I must still have been in my half-dream state. I said, “I have attended far too many.”
“I thought you said you had no relatives, Alfie? Is that because they’ve all died?” She did not say this aggressively. Was she trying to catch me in a lie? It felt that way.
I was thinking of a reply when Aunty Reet came down the steps of Earl Grey House and ushered us along to the waiting car.
I will avoid a long description of the funeral, because nothing happened until the end.
There were not many people there.
There was me, obviously, Aunty Reet, and Sangeeta. I had a pair of non-jeans that Sangeeta had bought me, and a dark pullover.
There was Vericka, and Robbie the Fire Investigations man.
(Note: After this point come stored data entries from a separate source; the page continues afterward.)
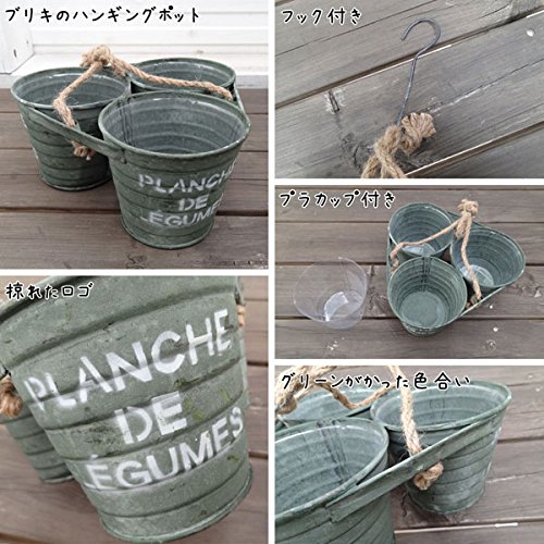 アンティーク風のブリキポット。 使い込むうちに味が出てくるブリキ素材に、ホワイトの掠れたロゴがとってもキュート。 PLANCHE=菜園のこと。植物を育てながら飾るのにピッタリの商品です。 黒板が付いているのでチョークで名前を書いておくことができます。 お気に入りの場所に植物を育てながらアンティーク風のブリキのポットが3つ連なったハンギングポット。 使い込むうちに味が出てくるブリキ素材に、ホワイトの掠れたロゴがとってもキュート。 麻ひもにフックが付いて吊るすタイプのポット。ブリキと麻ひもの組み合わせが可愛いです。 PLANCHE=菜園のこと。植物を育てながら飾るのにピッタリの商品です。 ポットが3つ付いているのでたくさんの植物を飾ることができます。 ハーブやお花を並べて飾ると可愛いです。 お気に入りの場所に植物を育てながら飾ってください。 スタイリッシュなイングリッシュガーデン、ナチュラルなカントリーガーデンには お洒落な小物が似合います。ハイセンスなガーデン作りに役立ちます。 室内のインテリアとして、小物入れとして使用しても素敵です。 他にもいろいろな形とサイズの商品があるので一緒に飾るといい雰囲気です。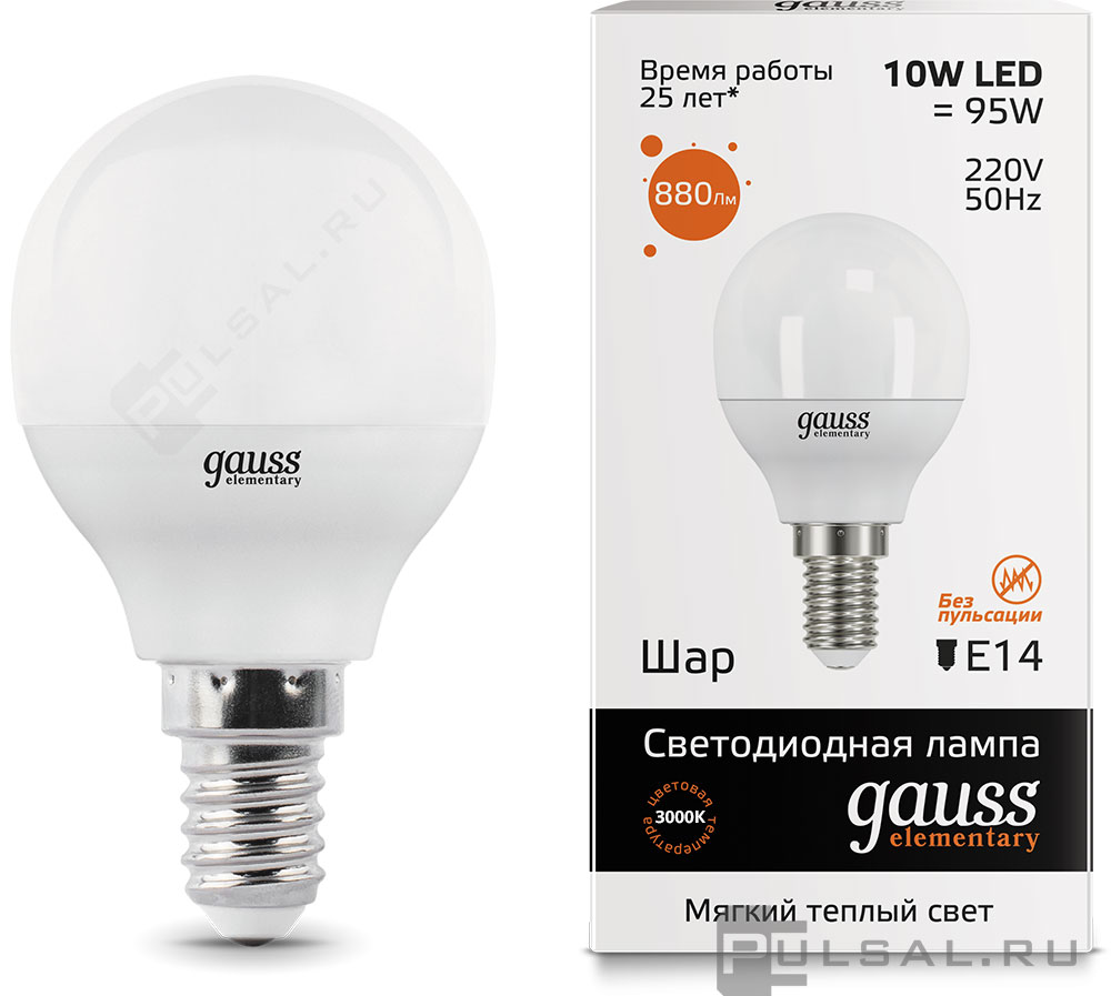 Elementary, цоколь - E14, мощность - 12Вт, световой поток - 880Лм, цветовая температура - 3000К, не диммируется, 53112, Gauss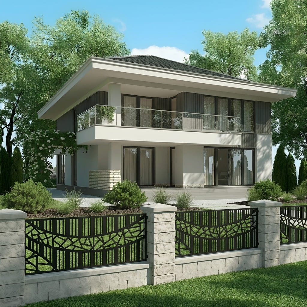 Nasze panele ogrodzeniowe o motywie geometrycznym łączą nowoczesny styl z solidną konstrukcją. Geometryczne wzory nadają otoczeniu elegancki i harmonijny charakter, przyciągają wzrok oraz wprowadzają wrażenie wizualnej lekkości. Panele doskonale sprawdzą się jako przęsła ogrodzeniowe, wypełnienia bram, balustrad oraz dekoracyjne ścianki działowe – łącząc estetykę z funkcjonalnością, zapewniając prywatność i trwałość na lata.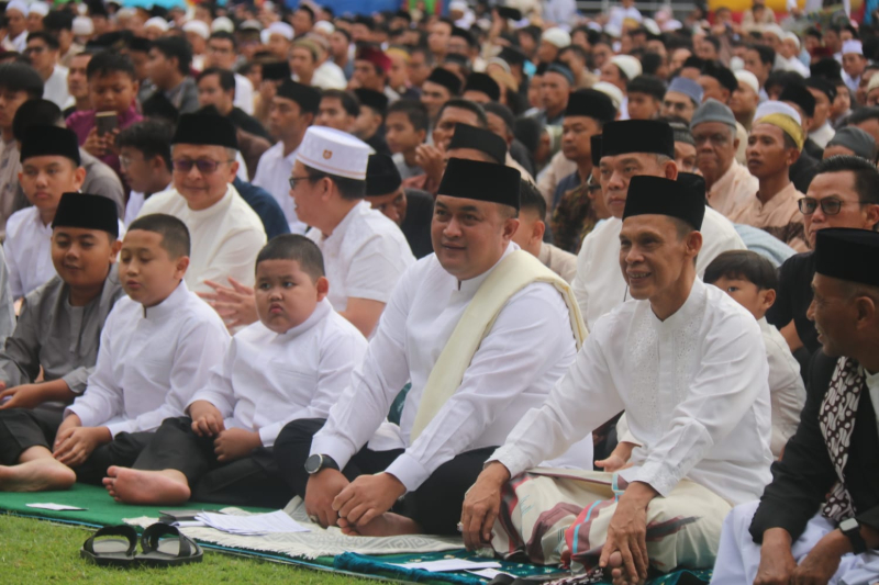 puluhan ribu masyarakat Kabupaten Bogor memadati Stadion Pakansari untuk melaksanakan shalat Idulfitri 1447 hijriah bersama Bupati Rudy Susmanto bersama jajaran Forum Komunikasi Pimpinan Daerah (Forkopimda).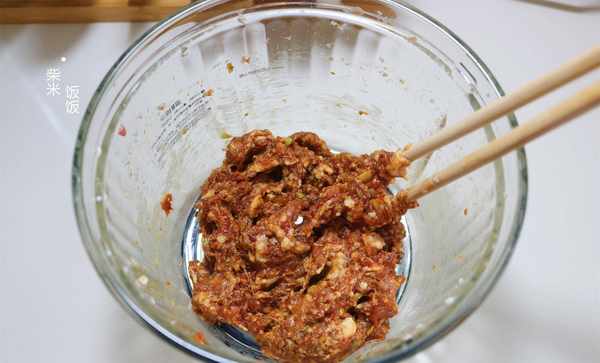 1,猪肉洗净,绞成肉馅。加葱姜、老抽、生抽、花椒粉,沿着一个方向充分拌匀。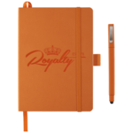 Smooth PU, soft cover bound journal. Color matching elastic pen loop, elastic closure and ribbon page marker. 64 sheets of white lined paper. Please note: Silkscreen imprint will textured effect (small dots) due to nature of material.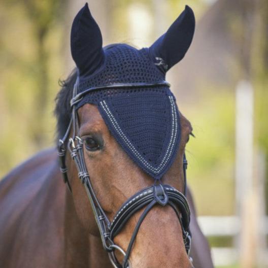 For young or very sensitive horses, soundless ear bonnets are a great choice. The veil at the bottom is a bit heavier in some to avoid it moving and the ears are padded to reduce noise levels. Of course, the horse can still hear what is going around it, but the noise levels are less intense and easier to cope with.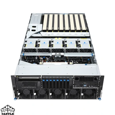 ASUS ESC8000A-E13 یک سرور قدرتمند GPU است در فرمفاکتور ۴U که برای بارهای کاری GPU-محور طراحی شده است. این سرور پشتیبانی از دو پردازنده AMD EPYC 9005 بر روی سوکت SP6 را دارد و توانایی نصب تا ۸ کارت گرافیک دو اسلاتی مانند NVIDIA H200 یا RTX PRO 6000 Blackwell را فراهم میکند.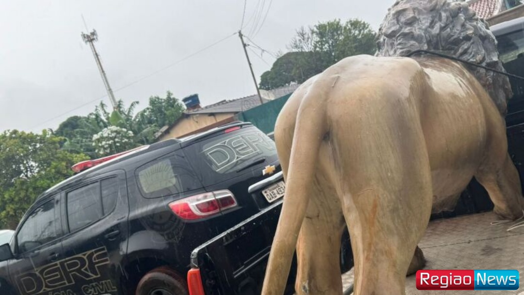 A investigação teve início a partir da análise de imagens e de outras informações relacionadas ao furto de uma estátua decorativa em formato de leão, subtraída de um estabelecimento comercial da Capital. No curso das diligências investigativas, os policiais também receberam denúncia anônima, a qual contribuiu para o avanço das apurações.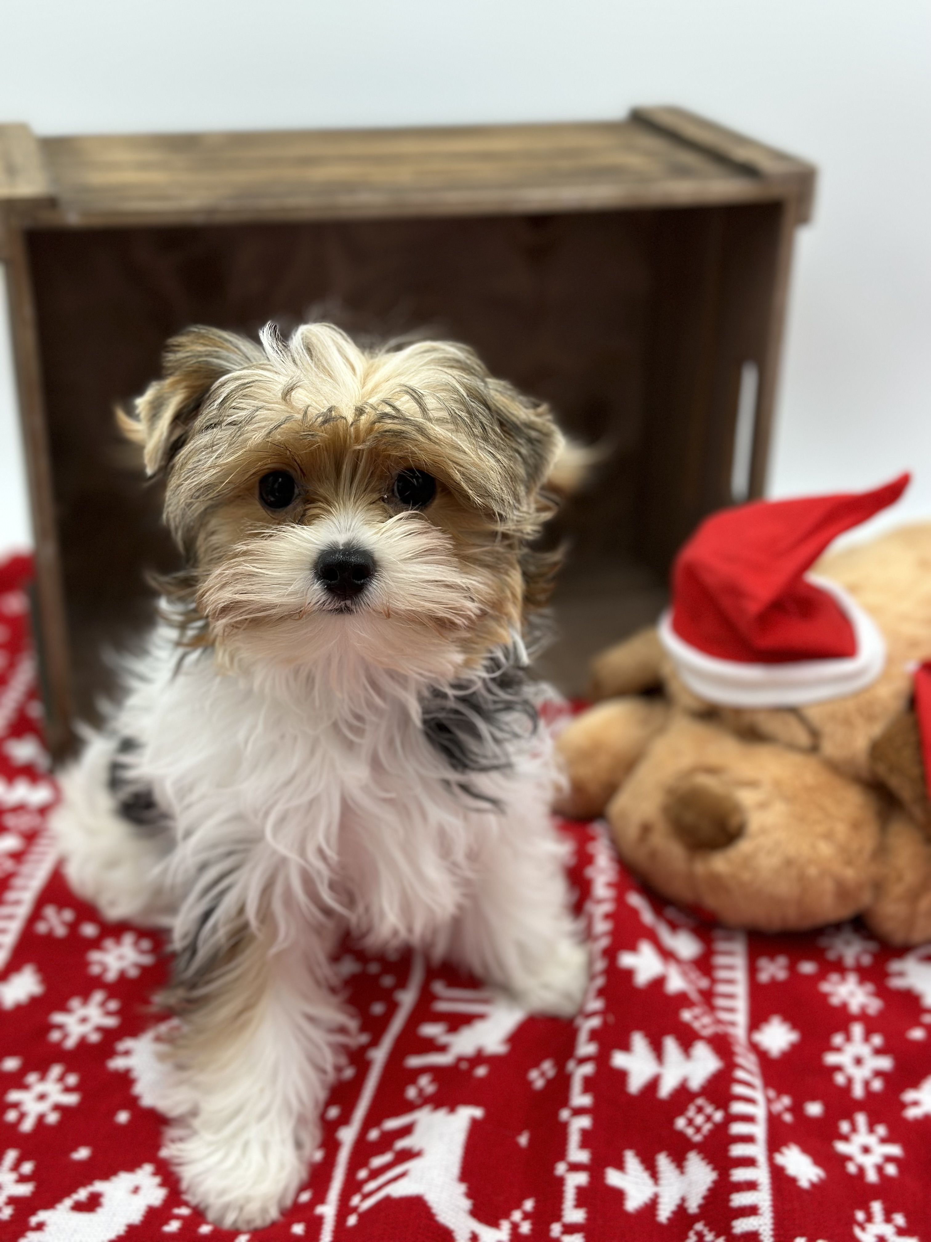 Our Yorkshire Terrier puppies are black and gold. Goldendoodle puppies include apricot and red. Colors will vary depending on the parent dogs.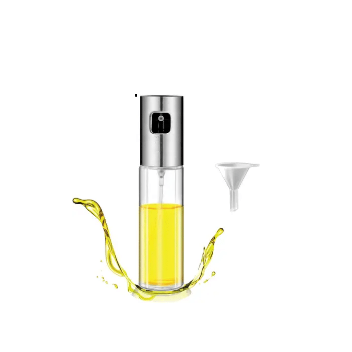 - ćLightweight & practical the lightweight design of our oil sprayer bottle, combined with the non-slip design of the top push button and the bottom of the bottle, allows you to use it by one hand and carry it anywhere easily even it is a full capacity of 100ml. Its nozzle has been specially designed so that it can maintain less oil leakage and no clogging after prolonged pressing use. In addition, the sprayer set contains a beautiful small funnel to help you easily refill the oil into the bottle.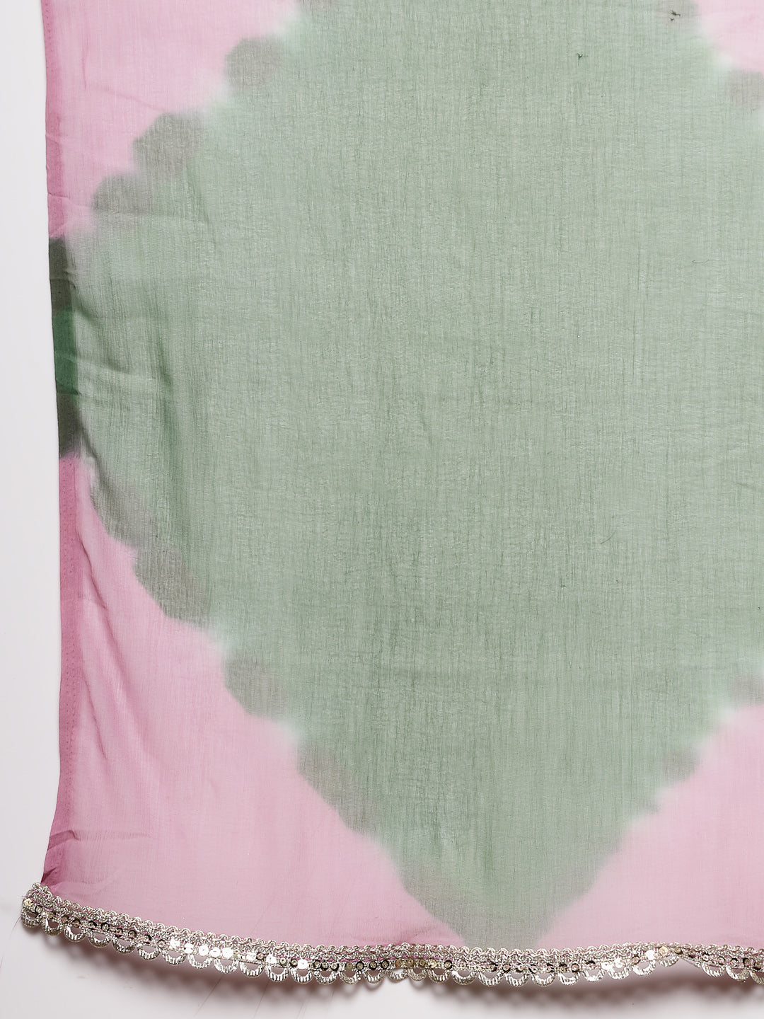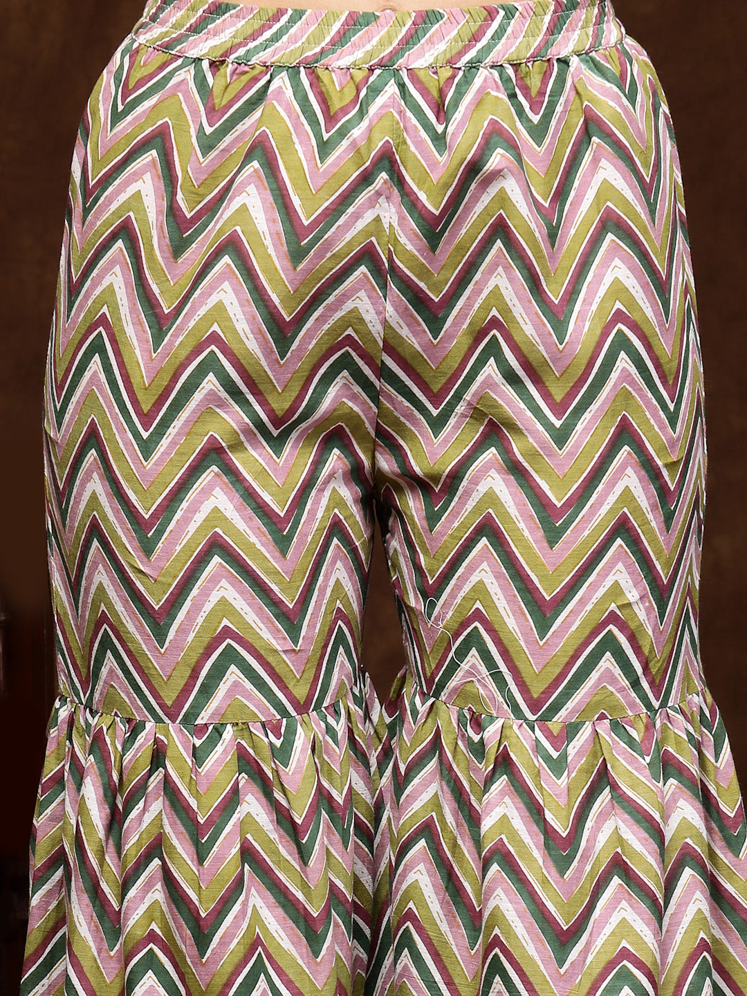 Green Katha Cotton Floral Printed Kurta Sharara Dupatta Set. Kurta has halter neck and sleevesless pattern. Sharara has fully elasticated waistbelt. Paired with chiffon tie & dye dupatta. Kurta Length - 34'' Inch, Sharara Length - 38'' Inch, Dupatta Length - 2.30 Mtr.ch.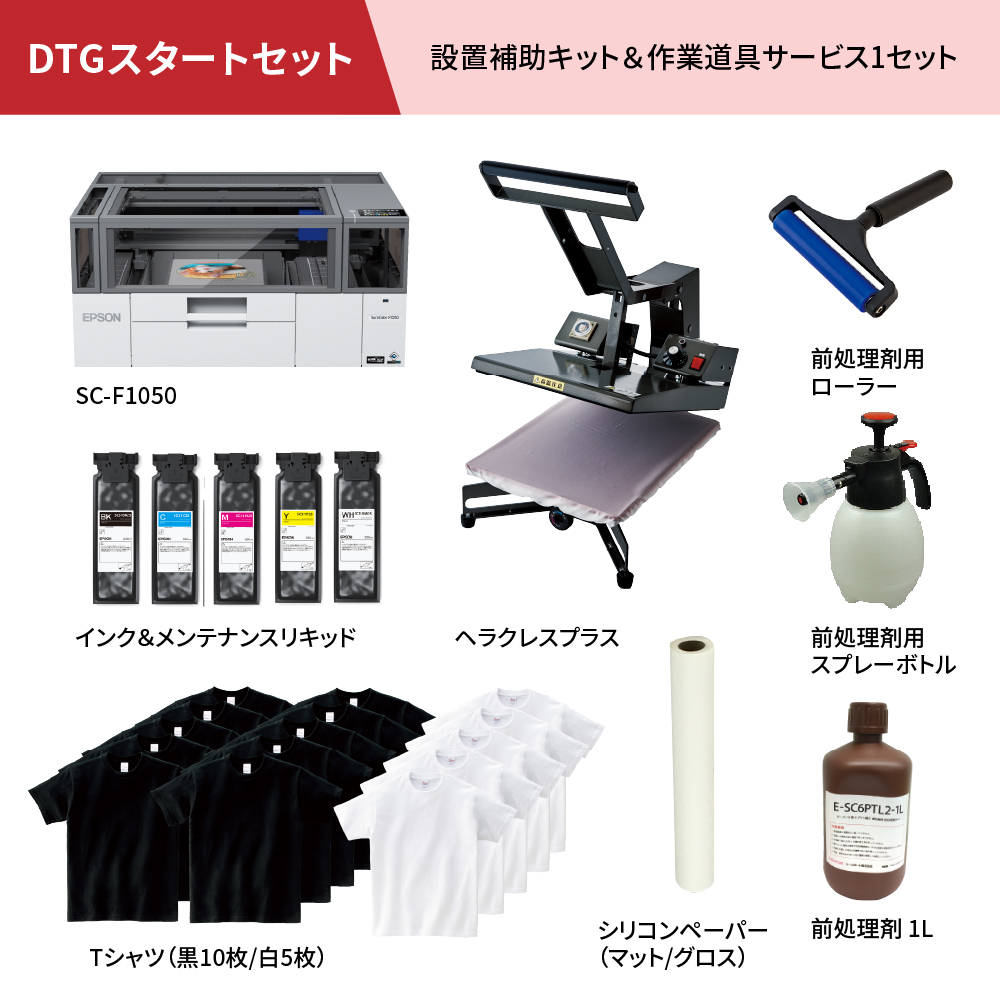 ガーメントプリンター「SC-F1050」とアイロンプレス機を組み合わせた、DTGプリントのスタートセットをご用意しました。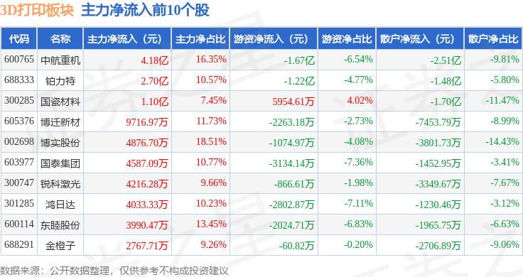 从资金流向上来看,当日3D打印板块主力资金净流入1.85亿元,游资资金净流出4.51亿元,散户资金净流入2.66亿元。3D打印板块个股资金流向见下表: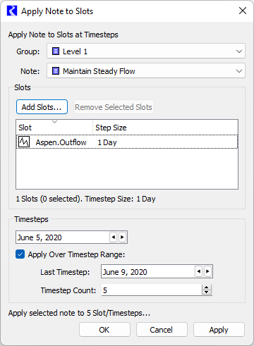 When either of these options is selected, the Apply Notes to Slots window will open. When the Add Note Entry Using Context button was selected, the slot list in the middle panel and the timestep in the bottom panel will already be populated based on the context shown at the bottom of the Note Manager, which comes from the slot and timestep from which the Note Manager was opened.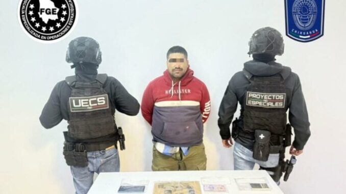Elementos de la Fiscalía Especializada en Operaciones Estratégicas (FEOE) de la Fiscalía General del Estado, detuvieron a Óscar Manuel R. D., por violación a la Ley Federal de Armas de Fuego y Explosivos y delitos contra la salud.

He winked at me and gave a tight little smile. That was nice of him. But I wished there were people I really knew. Friends. Of course, that was impossible. I had even lost my cat.
There was a reporter too, with a camera, which she put away after Sangeeta had a quiet word with her. I am not sure what a reporter was expecting to see. Probably more people, I should imagine.
There was a vicar, obviously.
After all the words had been said, and Sangeeta had squeezed my shoulder until I almost asked her to stop, and the coffin disappeared behind a red curtain like an especially sinister magic trick, that was it. We turned to go, and I saw them.
Roxy Minto and Aidan Linklater, standing at the back of the little chapel.